Ethereum still accounts for the majority of “distributed” tokenised asset value at the time of writing. This means that more than half of the tokens that allow their holders to buy, manage, and hold their tokenised RWAs were issued on the Ethereum chain.
So, while ETFs made it easier to buy ETH, treasuries allowed buyers to hold ETH through a regulated Wall Street route, gaining exposure to leveraged ETH.
All this further integrated Ethereum into traditional capital markets, where people were already comfortable holding assets in a regulated environment.
The Dual Upgrades
Ethereum underwent not one, but two major upgrades in 2025. These upgrades made the network feel less congested, more stable, and more usable as a base layer for those looking to settle their transactions on a trusted platform.
Pectra went live in May, expanding blob capacity to improve scalability and reduce Layer-2 (L2) transaction costs by providing more space for L2s to post their compressed data. It also enabled higher transaction throughput, faster confirmations and better overall efficiency for rollup-centric applications.
Later in the year, Fusaka followed to scale further and enhance the user experience.
Read: DAwn of Ethereum ⛓️
Overall, Ethereum spent 2025 optimising to behave like dependable financial infrastructure. The upgrades prioritised uptime, throughput and cost predictability. These qualities are vital for rollups, stablecoin issuers, and institutional users settling value on-chain. These choices make Ethereum more reliable at scale, even if they don’t significantly support the short-term link between network activity and ETH price.
Where That Leaves Us
If you are looking for a simple, binary takeaway from the year — “Ethereum good” or “Ethereum bad” — 2025 might not offer a clear answer.

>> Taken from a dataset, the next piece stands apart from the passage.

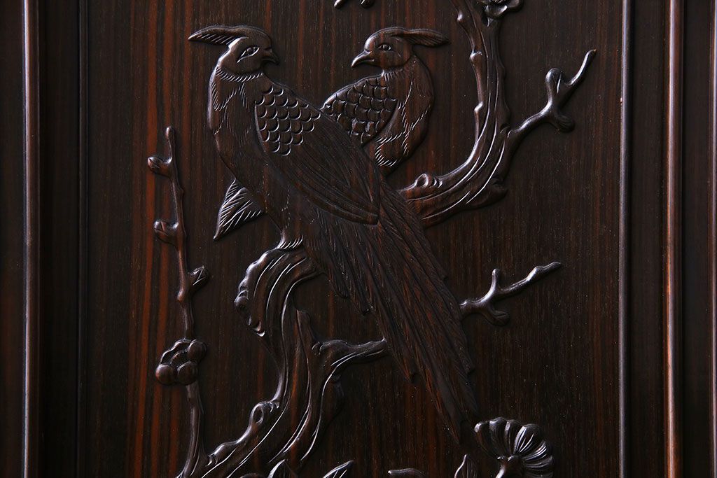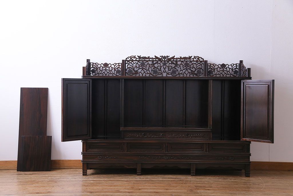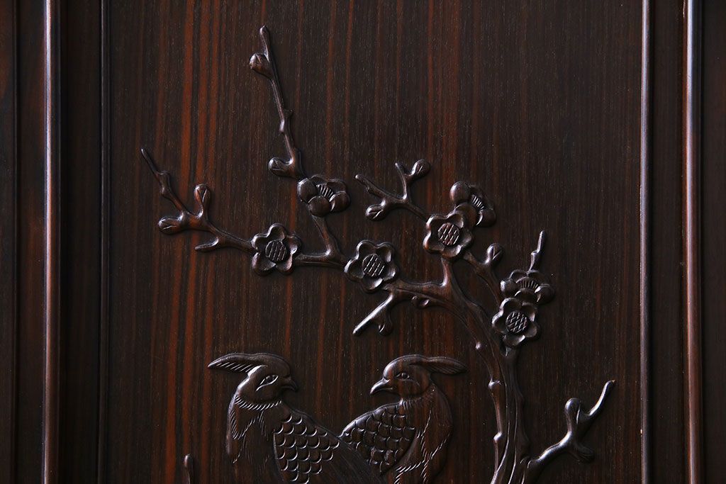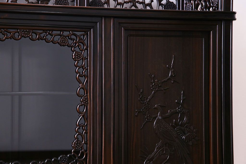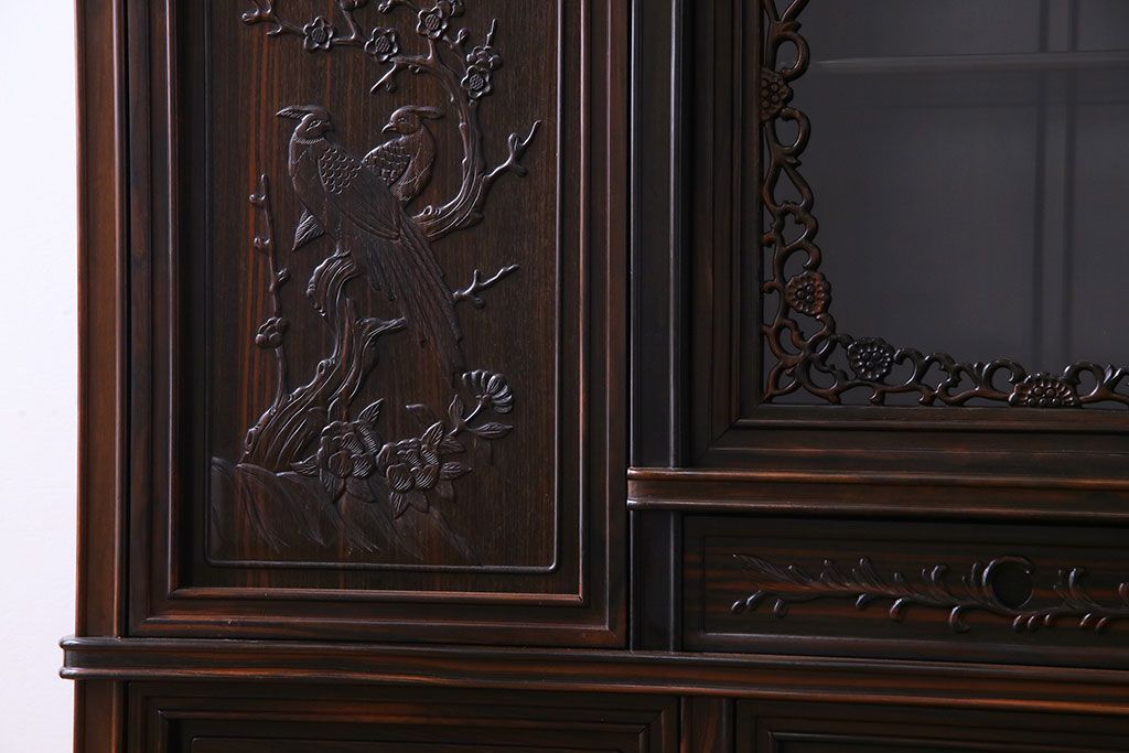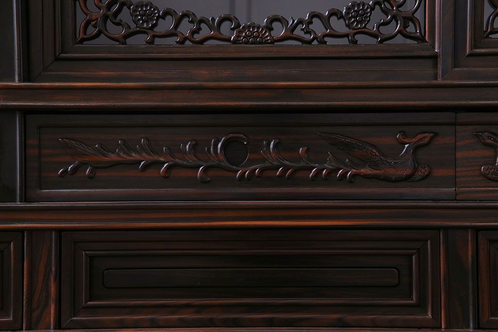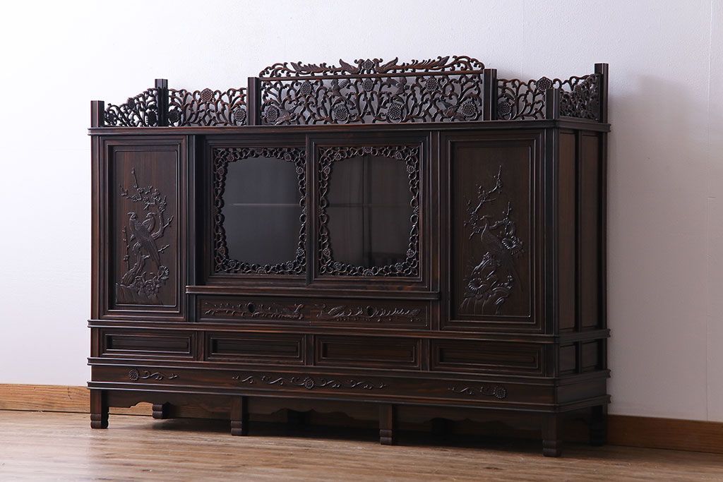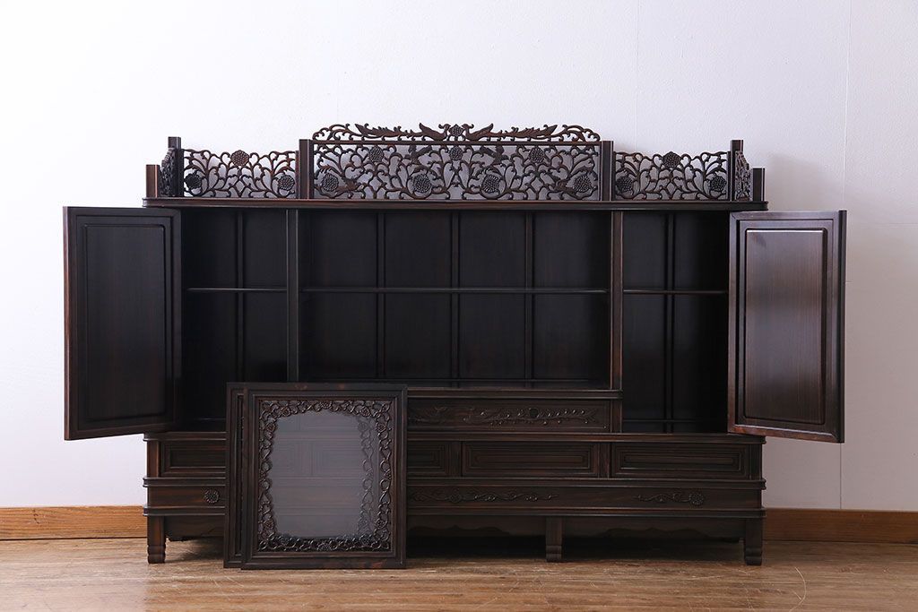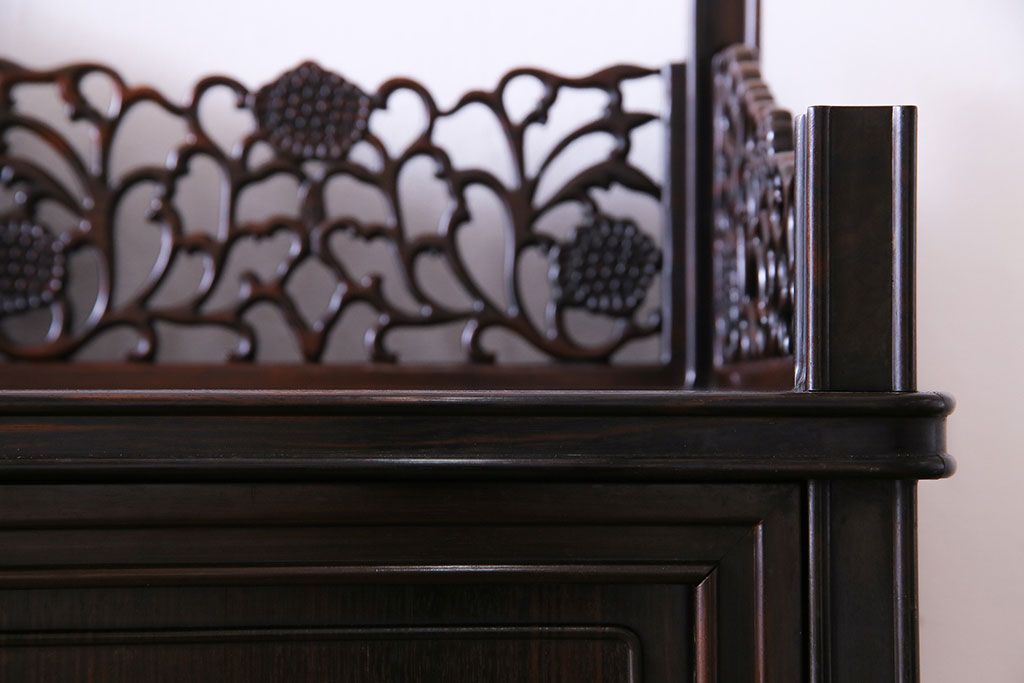 中古 民芸家具 黒檀材(唐木)製 高級品!彫刻が素晴らしいサイドボード(キャビネット、飾り棚)(定価約220万円)(1)

Instead, it presents a more interesting, but uncomfortable truth.
In 2025, Ethereum made its way into the books of fund issuers (ETFs) and the balance sheets of public companies (DATs), and it retained attention that aligned with institutional allocation.
ETH holders, however, lived through a year where the price chart didn’t mirror the blockchain’s progress.
ETH holders who bought on January 1 are still down at least 15%. The year did see ETH register an all-time high near $4,953 in August, but that didn’t last. It now trades near a five-month low.
Ethereum will still enter 2026 with robust upgrades and a heavy volume of stablecoins and tokenised RWAs. If the network can capitalise on the momentum from these wins, it can channel it into long-term price action.
That’s all for this week’s quantitative analysis. I will be back with the next one.